The aim of this project is to investigate engineering methods to reduce salinity in the cooling canals at the Florida Power & Light (FP&L) Turkey Point Power Plant. In order to stop discharging hot water from the plant into the adjacent Biscayne Bay, a cooling canal system was made operational in 1972 that occupies an area 3.2 km wide by 8.0 km long extending south of the plant. The 5,900 acre canal system has been measured at twice the salinity of the adjacent Biscayne Bay at as high as 68 ppt [Appendix i]. Florida Power & Light added a canal along the western perimeter of the cooling canal system to intercept seepage. The interceptor ditch enables FP&L to pump seepage back into the canal system during the dry season thus reducing the groundwater flow of hypersaline water to the west.

The Florida Department of Environmental Protection (FDEP) and the South Florida Water Management District (SFWMD) are monitoring a saltwater plume migrating west of FP&L property (FDEP/SFWMD Miami-Dade Saltwater Intrusion Presentation pg 3). Tidal influences have a profound effect on saltwater intrusion, so it is difficult to quantify the influence of the canals on this plume. To ensure that FP&L has no culpability in the contamination of ground water, the cooling canals should either operate at a lower level of salinity or be isolated to restrict flow to underground sources of water.
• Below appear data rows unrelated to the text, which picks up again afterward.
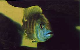 I Nimbochromis sono voraci predatori di piccoli pesci, come dimostra la dentatura faringea composta da elementi bicuspidi ben spaziati, con la punta maggiore rivolta in avanti. La specie N. venustus non fa eccezione: è tra le più grandi del genere e raggiunge la lunghezza standard di 185 mm, sebbene la letteratura riporti esemplari anche di 250 mm. Si rinviene comunemente in tutto il lago, nelle zone sabbiose poco profonde ( 10- 18 m ) caratterizzate da dense praterie di Vallisneria. Similmente alla maggior parte dei ciclidi del Malawi il cromodimorfismo è molto accentuato, le femmine e i maschi immaturi presentando una livrea molto simile: su una colorazione di fondo che varia dal sabbia all'argento si osservano disegni marroni scuro che ricordano delle losanghe. Nei maschi adulti e dominanti tuttavia i fianchi si scuriscono, mascherando il pattern originario, risultando di colore uniforme tendente all'ocra o ad un giallo piuttosto spento. La testa con la regione opercolare diviene di un blu molto intenso su cui spicca una banda impari longitudinale giallo dorato che parte dalla fronte attraversando la pinna dorsale per terminare a livello del peduncolo caudale. La descrizione ma più che altro l'osservazione dei maschi nel loro massimo splendore avallano l'impressione che ne ebbe Boulenger (primo autore a descrivere la specie), confermata del resto dalla scelta del nome specifico (dal lat. Venustus = elegante), e compensano chi, come me, non ha resistito alla bellezza di questo ciclide sfidandone la mole non indifferente. L'allevamento in acquario di N. venustus è piuttosto semplice purch é si rispettino poche regole elementari che ne garantiscano il fabbisogno delle esigenze primarie. Per prima cosa, date le dimensioni, il ciclide in questione ha bisogno di molto spazio per cui è consigliata una vasca non al di sotto del metro e settanta per permettere di allevare almeno due maschi che possano risultare dominanti. Sono poi validi i consigli generici per l'allevamento della maggior parte degli incubatori materni del lago Malawi: ogni maschio dovrebbe "disporre" di due o meglio, tre femmine perch é non manifesti la propria aggressività su un singolo individuo. E' opportuno che il gruppetto sia tenuto in vasche di comunità per diminuire l'aggressività intraspecifica: personalmente ho allevato N. venustus sempre in compagnia del congenerico N. livingstonii ottenendo buoni risultati in termini di compatibilita sia intra- che interspecifica. Altre specie citate dalla letteratura come buoni coinquilini sono gli altri rappresentanti del genere ( in tutto sette), ma anche molti Pseudotropheus e Labeotropheus. Come già detto questa specie preda altri suoi simili, per cui è bene porre attenzione alla taglia anche dei suddetti pesci nel momento dell'immissione nell'acquario: ricordo la malaugurata "idea" di un maschio di Haplochromis ismaheli, di ben sette cm !, di saltare nella vasca dei Nimbochromis dalla sua che le era stata provvisoriamente affiancata; neanche il tempo di prendere un retino per cercare un disperato recupero che già una coda spuntava dalle fauci di un maschio di 18 cm. La mia passione per questo pesce, che in realtà abbraccia tutto il genere, è nata nel 1994 quando dsono entrato in possesso dell'Atlante dei pesci d'acqua dolce da acquario del Dr. Axelrod: all'inizio della sezione dei ciclidi africani c' è una foto di uno splendido N. venustus maschio. L'incontro è stato folgorante e da allora ho cominciato a pensare una vasca che potesse ospitare il mio prediletto; cominciai con un duecentosettanta litri per poi arrivare agli attuali quasi quattrocento con una superficie di fondo'di 170x50. Nonostante l'habitat di origine riveli la preferenza del venustus per distese sabbiose, l'arredamento della vasca sarà costituito prevalentemente da substrato roccioso, costituente molti anfratti e disposto in modo che delimiti più territori del numero dei maschi dominanti. Le rocce comunque non dovrebbero superare una certa altezza per permettere che gli individui sfruttino appieno le dimensioni dell'acquario stazionando a mezz'acqua.
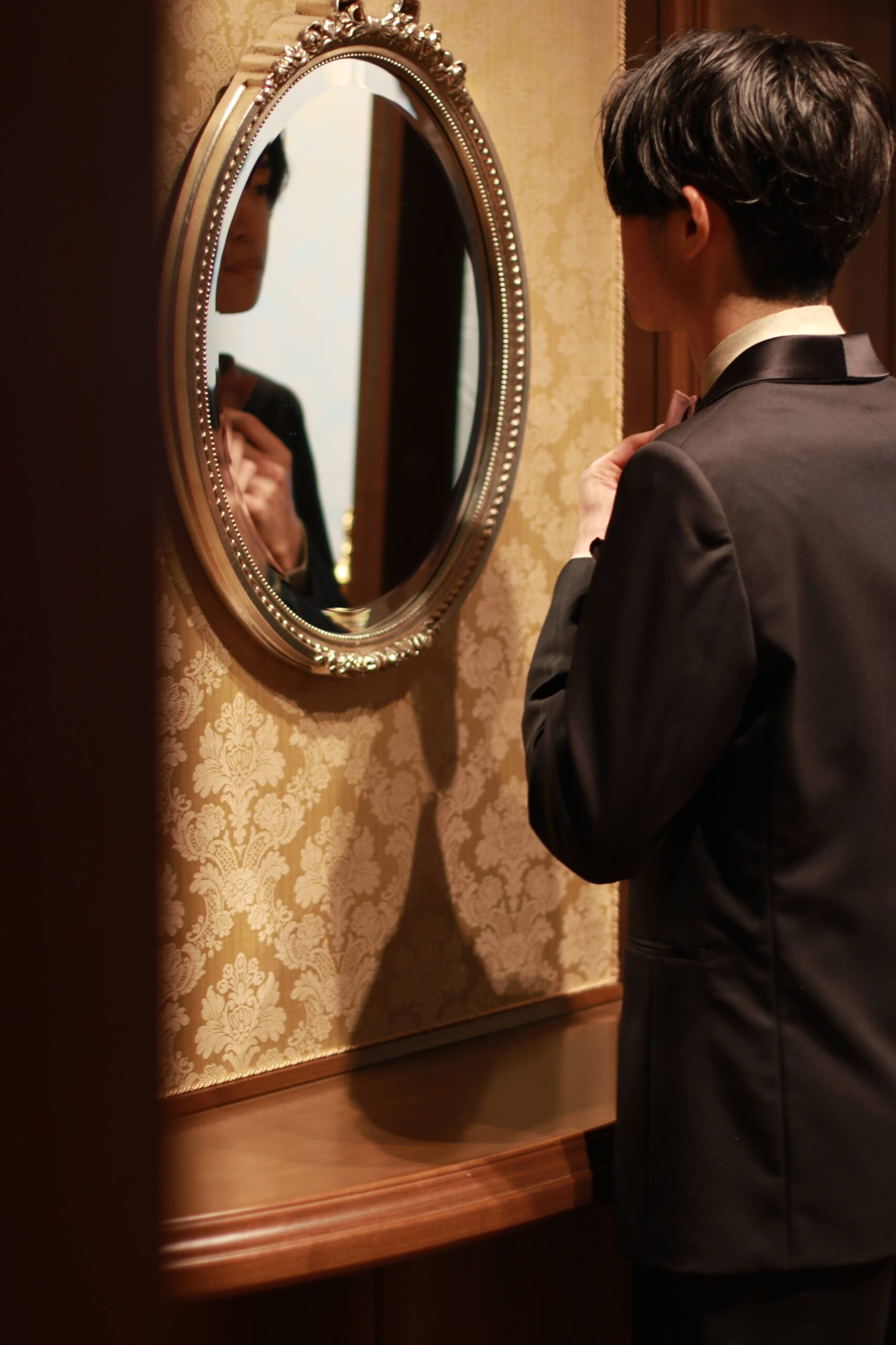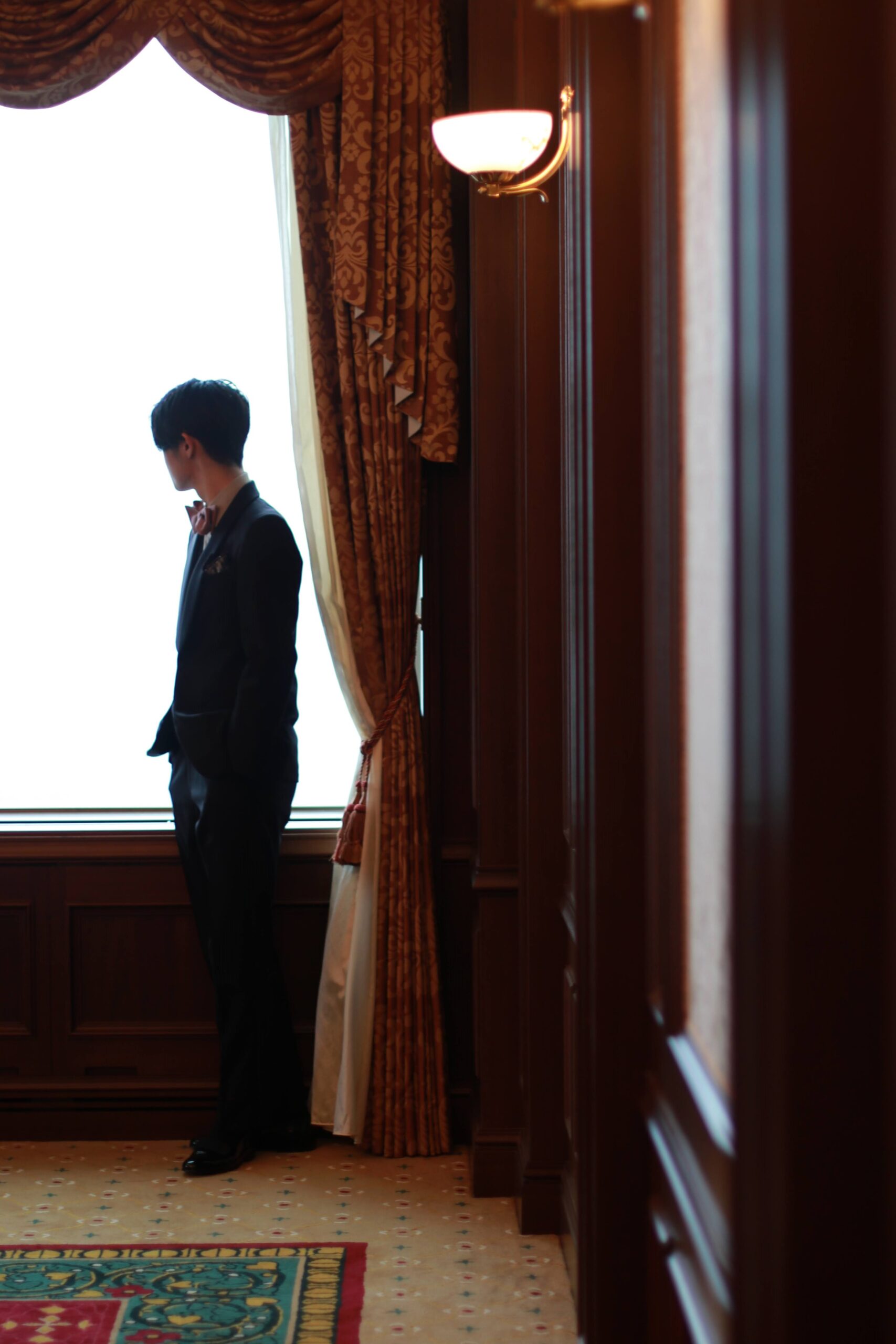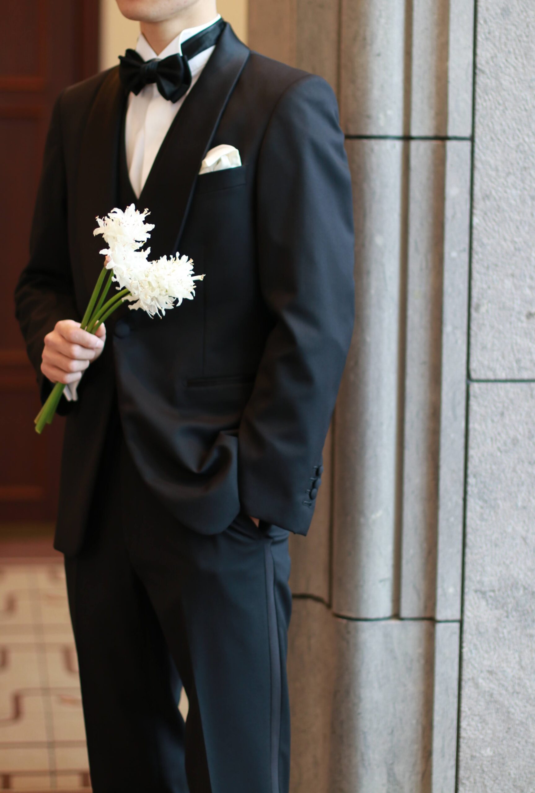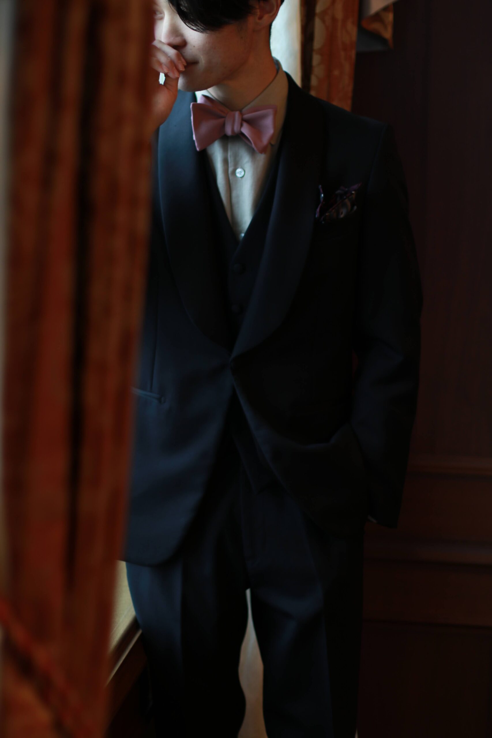 ご新婦様のブーケからインスピレーションを得た、ご新郎様の色合わせ。淡いピンクのタイとベージュのシャツによって、トラディショナルなタキシードが一気に肩肘張らないカジュアルさへと表情を変えます。扉が閉まるその一瞬まで、思う存分ご自身らしさを楽しんで。
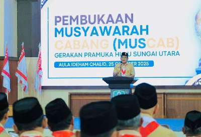 Muscab itu dibuka langsung Bupati HSU H Sahrujani selaku Ketua Majelis Pembimbing Cabang Gerakan Pramuka HSU.
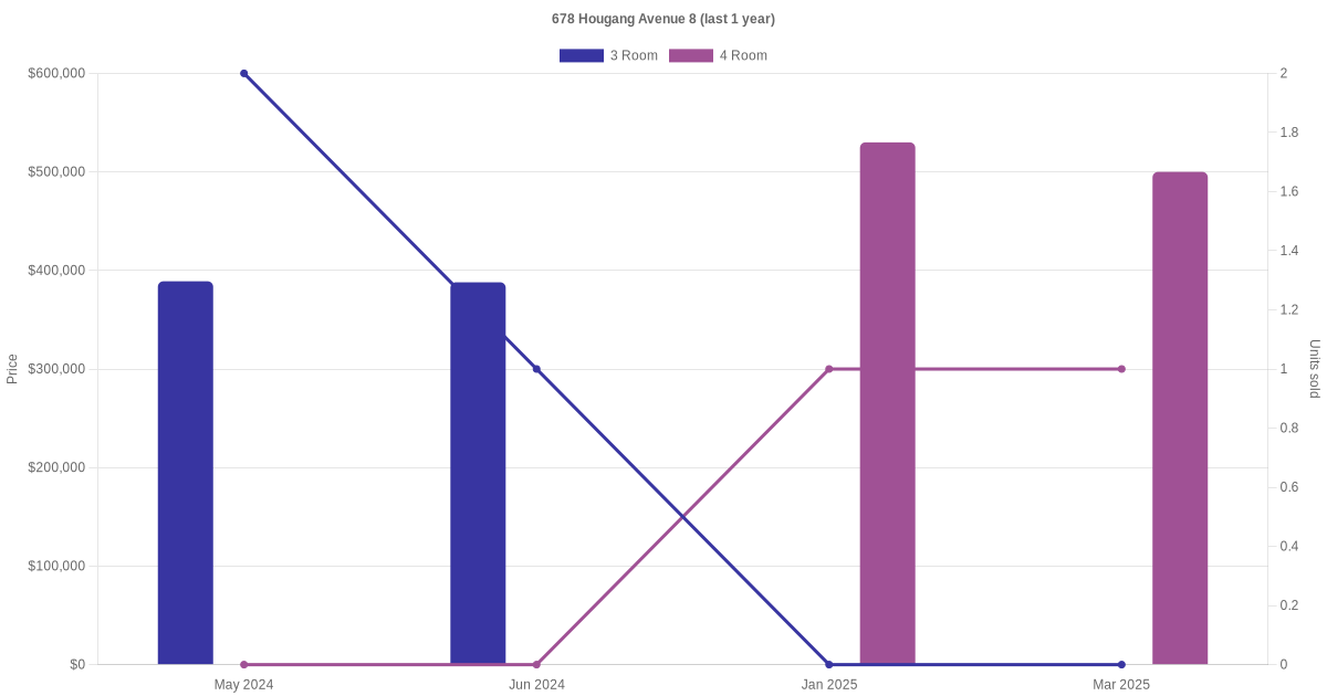 Below is a quick summary of the resale transactions volume and average price trends for the 3 room and 4 room units at 678 Hougang Avenue 8.

Isolation, however, is not an appealing option as the methods which have been conceptualized are highly invasive. Environmental concerns are abundant as the ecosystem within the cooling canals supports at least 17 protected species of birds and animals of South Florida. Over 25% of the world’s population of the American crocodile resides in the Turkey Point cooling canals. Very few organisms require a hypersaline condition to thrive; therefore, lowering the salt concentration of the canal system is not expected to have adverse effects upon the ecosystem. Careful attention must be paid to ensure wildlife survival during treatment and/or disposal system development and operation.